** Records provided **

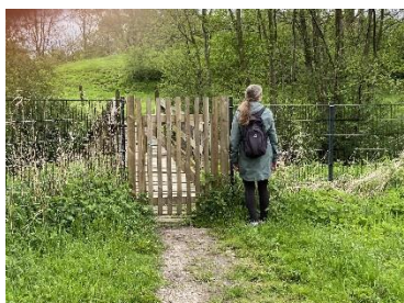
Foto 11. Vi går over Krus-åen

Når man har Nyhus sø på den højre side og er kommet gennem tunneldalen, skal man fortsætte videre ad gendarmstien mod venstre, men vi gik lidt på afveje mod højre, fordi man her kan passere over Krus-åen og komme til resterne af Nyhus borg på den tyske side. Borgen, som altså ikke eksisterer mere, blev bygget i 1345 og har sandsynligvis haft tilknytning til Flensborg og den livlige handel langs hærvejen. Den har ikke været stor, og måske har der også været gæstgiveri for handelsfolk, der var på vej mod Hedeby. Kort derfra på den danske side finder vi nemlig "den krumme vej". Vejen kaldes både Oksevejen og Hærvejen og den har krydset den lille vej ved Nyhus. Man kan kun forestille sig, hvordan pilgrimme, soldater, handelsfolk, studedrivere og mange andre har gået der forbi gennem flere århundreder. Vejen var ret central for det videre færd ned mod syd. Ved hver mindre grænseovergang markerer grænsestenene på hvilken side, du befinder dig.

---

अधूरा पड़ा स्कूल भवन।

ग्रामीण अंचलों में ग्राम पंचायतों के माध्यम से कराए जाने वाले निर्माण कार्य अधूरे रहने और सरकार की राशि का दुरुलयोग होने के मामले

...

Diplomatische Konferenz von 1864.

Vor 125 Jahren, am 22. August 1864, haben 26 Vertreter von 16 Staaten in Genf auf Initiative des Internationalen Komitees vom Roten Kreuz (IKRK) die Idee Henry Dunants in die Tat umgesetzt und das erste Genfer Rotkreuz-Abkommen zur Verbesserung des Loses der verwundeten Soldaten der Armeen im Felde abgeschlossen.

** Your instructions **
Among the lines of the data above, find those with the word "Krus" and show them.

** Output of the exercise **
Foto 11. Vi går over Krus-åen
Når man har Nyhus sø på den højre side og er kommet gennem tunneldalen, skal man fortsætte videre ad gendarmstien mod venstre, men vi gik lidt på afveje mod højre, fordi man her kan passere over Krus-åen og komme til resterne af Nyhus borg på den tyske side. Borgen, som altså ikke eksisterer mere, blev bygget i 1345 og har sandsynligvis haft tilknytning til Flensborg og den livlige handel langs hærvejen. Den har ikke været stor, og måske har der også været gæstgiveri for handelsfolk, der var på vej mod Hedeby. Kort derfra på den danske side finder vi nemlig "den krumme vej". Vejen kaldes både Oksevejen og Hærvejen og den har krydset den lille vej ved Nyhus. Man kan kun forestille sig, hvordan pilgrimme, soldater, handelsfolk, studedrivere og mange andre har gået der forbi gennem flere århundreder. Vejen var ret central for det videre færd ned mod syd. Ved hver mindre grænseovergang markerer grænsestenene på hvilken side, du befinder dig.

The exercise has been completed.